Interestingly, Pix2Pix in-paints the photon starvation artefact from the needle (Fig. 6, green arrow, also seen in Fig. 7), while both networks (UNet-Phase to a lesser extent) also reduce the streaking around the needle. It is unclear why needle artefact removal and improved tumour visualisation occurred—it is possible that the networks are generalising sCE to other high contrast regions—but this suggests a potentially useful future research direction for combining sCE and image quality enhancement for interventional procedures.

Limitations

Contrast agents are used to identify clinically relevant features by enhancing the feature (e.g. a tumour) more or less than the surrounding tissue. However, all networks enhanced the tumour and surrounding tissue to a similar degree (white arrows, Figs. 4 and 5), limiting the amount of contrast that can be used to identify the tumour. The contrast enhancement patterns are generated by patient-specific characteristics that may not be apparent in a dataset of this size, or may exist below the scanner resolution—a more detailed study with additional data would be needed to address this. Despite this limitation, performance when segmenting the tumours from these predicted images appeared unaffected (aside from Pix2Pix for CME as stated above).

Conclusion

In this paper, we proposed a framework for multi-phase synthetic contrast enhancement, as well as investigating the effect of a supervisory signal on model performance.

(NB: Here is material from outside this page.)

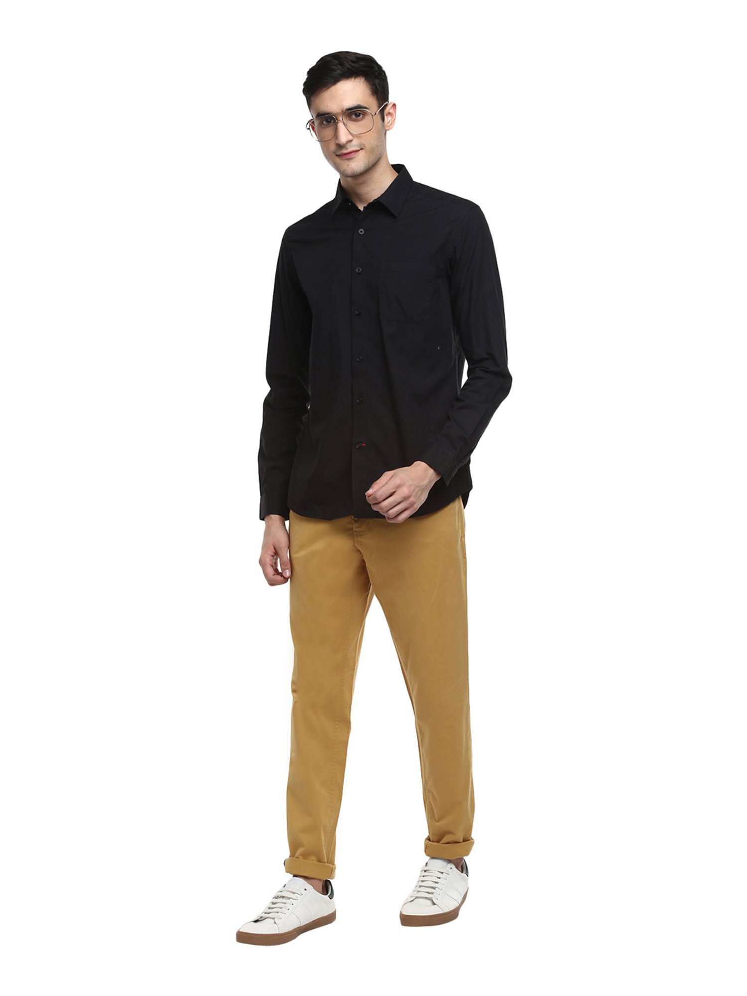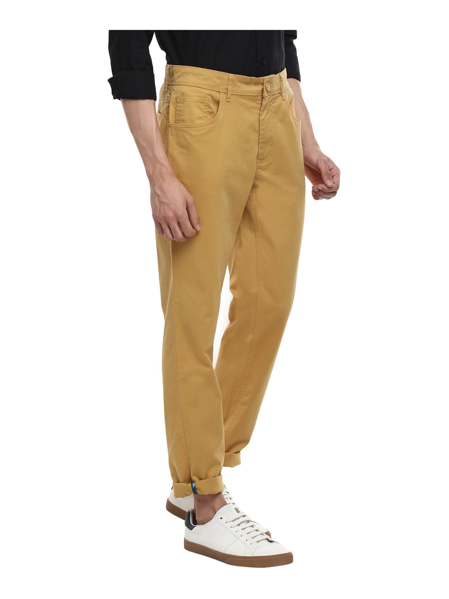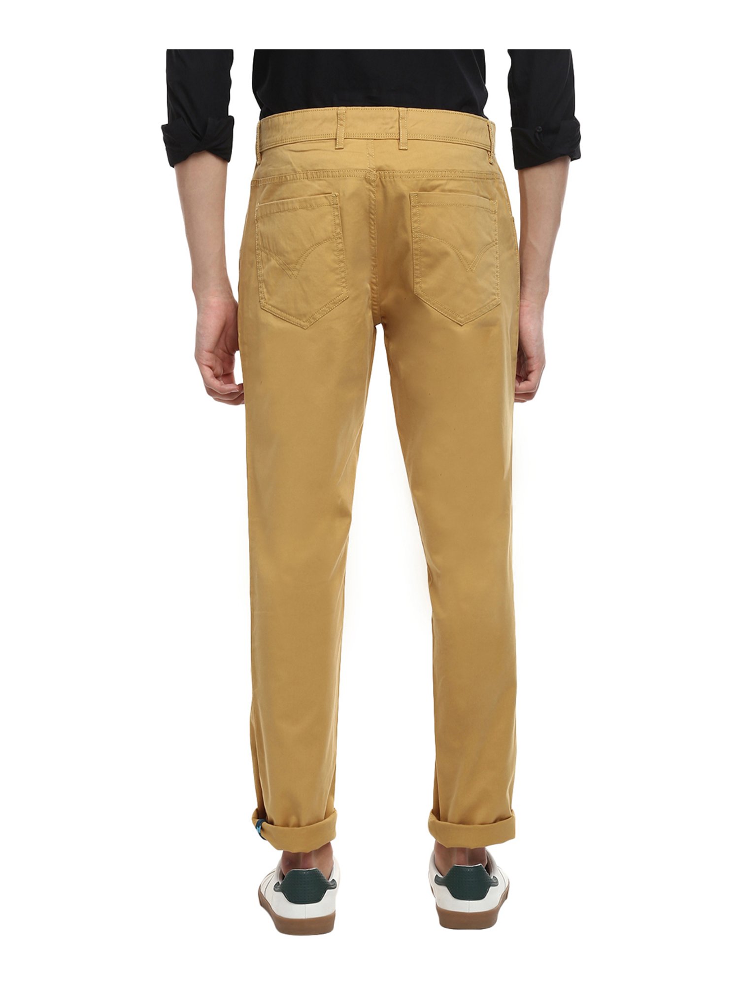 Add panache to your dressing ideas with this fashionable pair of mustard flat front trousers from the latest collection of Red Chief. Well cut and artfully crafted from premium stretch cotton for an unmatched feel and superb wear comfort, these are designed with a regular fit for a classic style. Pair them with a contrast shirt and leather shoes for a crisp look.

The results show that our framework matches the performance of separately trained CNNs in all ROIs and exceeds it in the kidneys. In addition, the CycleGAN lacking any form of input from the ground truth intensities performed worst, while the Pix2Pix (adversarial with supervision) generated the most intense ROIs and the fully supervised U-Net was most quantitatively accurate. The proposed techniques generate more consistent enhancement than seen in the ground truth images, while assessing the bias by region and phase can inform usage of models with different characteristics for different tasks—UNet-Phase, with its smaller bias, outperforms Pix2Pix for segmentation, while Pix2Pix generates more vivid vasculature and renal medulla. Lastly, we have shown that UNet-Phase and Pix2Pix can generalise to unseen intra-procedural data, a more challenging task given the addition of needles, hydro-dissection contrast and the movement of organs over time. Crucially, the models also improve needle artefacts and tumour visualisation, indicating potential for multi-task sCE and image quality applications.